> **INSTRUCTIONS FOR THE TASK**:
With pictures left out, output exactly the lines of the listing below from the line that has "赤外線撮影ならではの表現が際" to the line that has "中長款網紗裙春夏季新款韓版女高腰百搭雪紡百褶蓬蓬半身裙子", both lines kept.

> **INFORMATION SHOWN**:
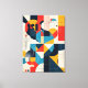 Impression de toile frappante avec des formes géométriques en gras rouge, bleu, jaune et noir. L'équilibre des cercles, des lignes et des angles crée une harmonie abstraite moderne qui ajoute profondeur et sophistication à toute pièce.
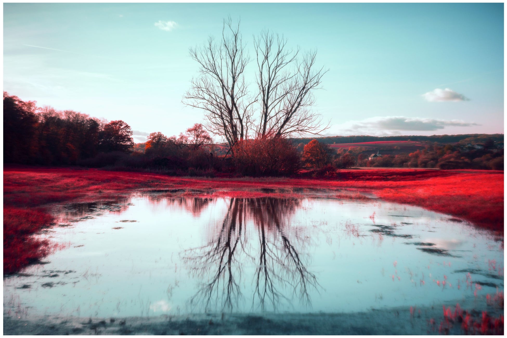 赤外線撮影ならではの表現が際立ち、現実を超えたような独自の世界観を生み出しています。視点や撮影手法の選択が、写真の印象を大きく変えることを示す好例であり、作者の明確な意図が感じられます。中央に配置された木の反射が画面全体の構成を引き締め、静けさの中に確かな安定感をもたらしています。
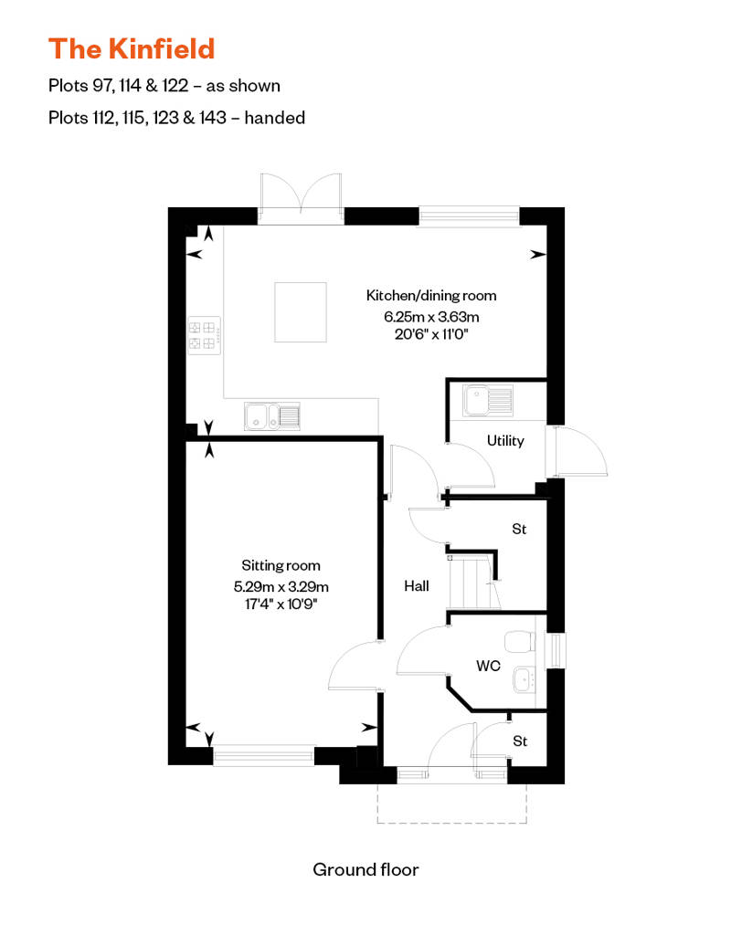 A thoroughly modern family home, The Kinfield is equipped with a spacious kitchen/dining room featuring an island and French doors to the rear patio, as well as the convenience of a separate utility room with access to the garden. Everyone can also get together in the generous comfort of the sitting room.
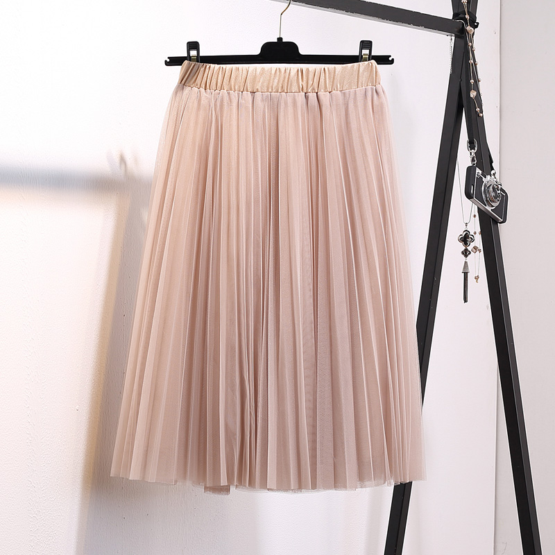 中長款網紗裙春夏季新款韓版女高腰百搭雪紡百褶蓬蓬半身裙子
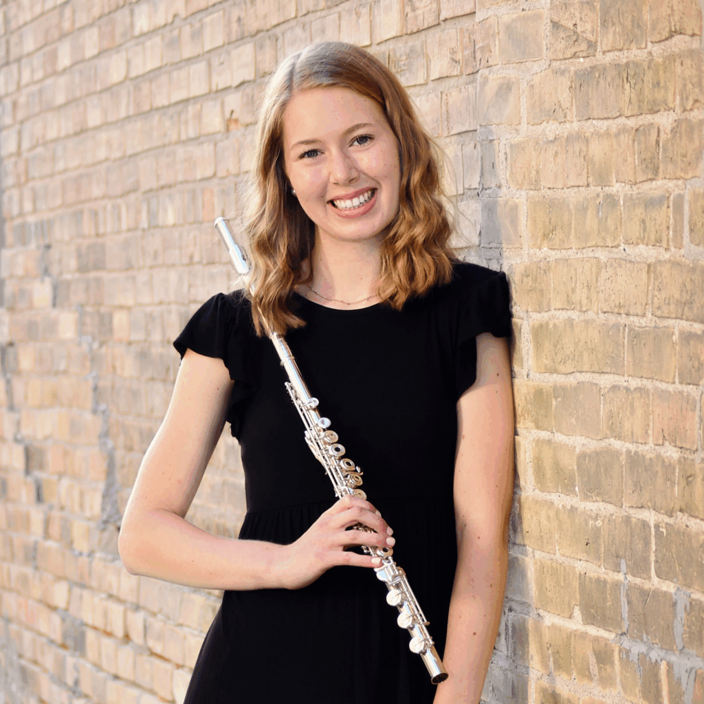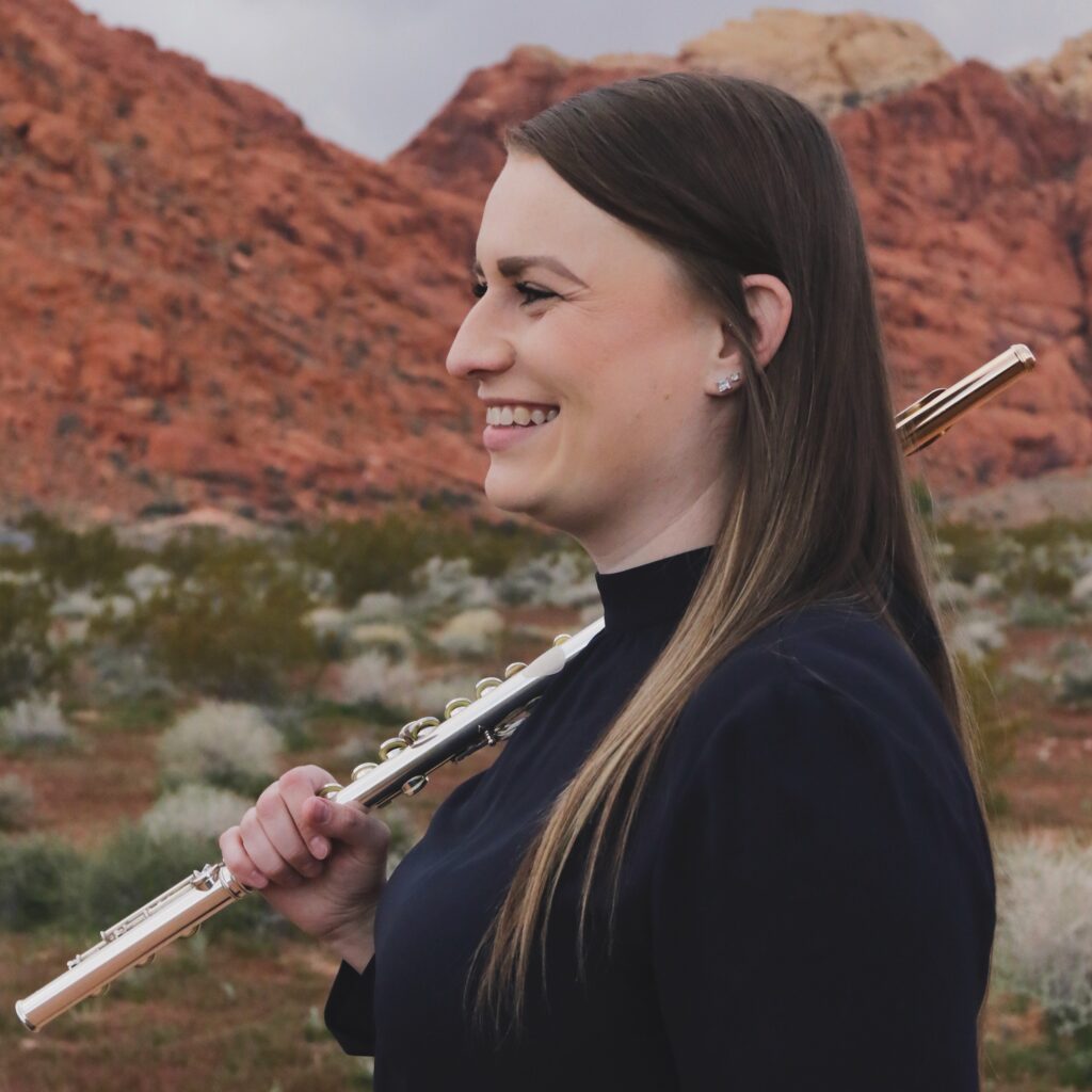 Megan Rasmussen, BM ‘25 (Flute Performance with a Minor in Entrepreneurship), Utah State University. Front of House Intern, Utah Symphony | Opera, Deer Valley Music Festival (2024); Convention Registration Assistant, National Flute Association 2023 Convention. Flutist, Utah State University Symphony Orchestra (2022-23). Member, National Flute Association; College Ambassador, Utah Flute Association; Ambassador, Caine College of the Arts.

> **WRITTEN ANSWER**:
 赤外線撮影ならではの表現が際立ち、現実を超えたような独自の世界観を生み出しています。視点や撮影手法の選択が、写真の印象を大きく変えることを示す好例であり、作者の明確な意図が感じられます。中央に配置された木の反射が画面全体の構成を引き締め、静けさの中に確かな安定感をもたらしています。
 A thoroughly modern family home, The Kinfield is equipped with a spacious kitchen/dining room featuring an island and French doors to the rear patio, as well as the convenience of a separate utility room with access to the garden. Everyone can also get together in the generous comfort of the sitting room.
 中長款網紗裙春夏季新款韓版女高腰百搭雪紡百褶蓬蓬半身裙子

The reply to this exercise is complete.